Right now, we’re clearly seeing the first two operating in tandem – rising bond yields and a weaker dollar – which leads us to posit that investors might have reduced their confidence in the long-run state of the US economy. This is not surprising given the heightened focus once again on the US economy's ‘twin deficits’ – which has only been exacerbated by (i) the GOP’s debt-financed tax cuts and (ii) the relative cyclical strength in other parts of the global economy.

The Trump Trilemma helps to put some context around the market reaction to yesterday’s US inflation data. For the US dollar to re-couple with rising US bond yields – within our framework, we’d need to see a return in (relative) confidence over the medium-term US economic outlook. In effect, this requires a positive reassessment of the extent and duration of this US economic cycle; inflation numbers do not provide this (plus it didn’t help that US retail sales printed soft). Broadly, we’re scratching our heads at finding any new positive US demand or supply shocks that could change the landscape for an economy in the 10th year of its expansion cycle. Without this, it’s easy to see the weak dollar story persist.

The speed at which the US dollar declines will be a function of US trade policy (see our note A ‘Mercantilist and Mercurial’ Dollar Policy).

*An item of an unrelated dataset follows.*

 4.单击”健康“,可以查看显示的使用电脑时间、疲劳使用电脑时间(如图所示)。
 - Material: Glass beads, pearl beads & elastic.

USD/JPY continues to breach new lows – and looks set on a path towards 100 (our year-end target). Japan’s Finance Minister Taro Aso overnight gave de facto support to recent FX moves by stating that there is no need to intervene at this stage. A clearing of the 106.00-30 area might trigger a sharper fall towards the psychological 105 handle.

EUR: ECB will have to bear a higher EUR/USD given that it’s not EUR-specific

A quiet day in the Eurozone data calendar means EUR/USD will be taking its cue from what happens on the USD-side of the equation. EUR/USD could easily clear 1.25 – but we argue that this won’t necessarily see any credible ECB verbal jawboning.

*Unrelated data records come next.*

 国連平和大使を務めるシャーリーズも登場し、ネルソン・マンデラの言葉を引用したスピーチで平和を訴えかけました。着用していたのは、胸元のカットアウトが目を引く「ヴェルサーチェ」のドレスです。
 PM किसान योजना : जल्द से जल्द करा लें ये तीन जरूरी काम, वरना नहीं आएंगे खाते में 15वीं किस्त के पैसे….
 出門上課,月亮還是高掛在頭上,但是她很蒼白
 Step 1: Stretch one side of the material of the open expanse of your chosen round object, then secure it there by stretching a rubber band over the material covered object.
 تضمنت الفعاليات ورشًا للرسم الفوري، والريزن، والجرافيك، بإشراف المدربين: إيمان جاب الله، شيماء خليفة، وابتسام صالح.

GBP: There’s only one thing on the mind of investors… Brexit transition clarity

Over the space of a week, we've had three key UK events and three muted reactions in GBP markets; the cumulative reaction to (1) the Bank of England's Brexit-contingent hawkish signal; (2) the positive UK inflation surprise (which confirmed the Bank’s hawkish signal); and (3) a fairly inconsequential speech by Boris Johnson – was a 0.5% move higher in GBP against both USD and EUR. That’s a pretty tame reaction – even by the Brexit-impaired pound’s standards and to us, suggests that there is only one thing on the minds of GBP investors right now – and that’s clarity over a Brexit transition deal. The period leading up to the 22 Mar EU leaders summit will be noisy – but GBP’s relative resilience is telling of a different Brexit trading environment to what we saw in 2017 (see our four reasons). Look for GBP/USD to consolidate around 1.40 – with deferred upside on an agreed transition deal.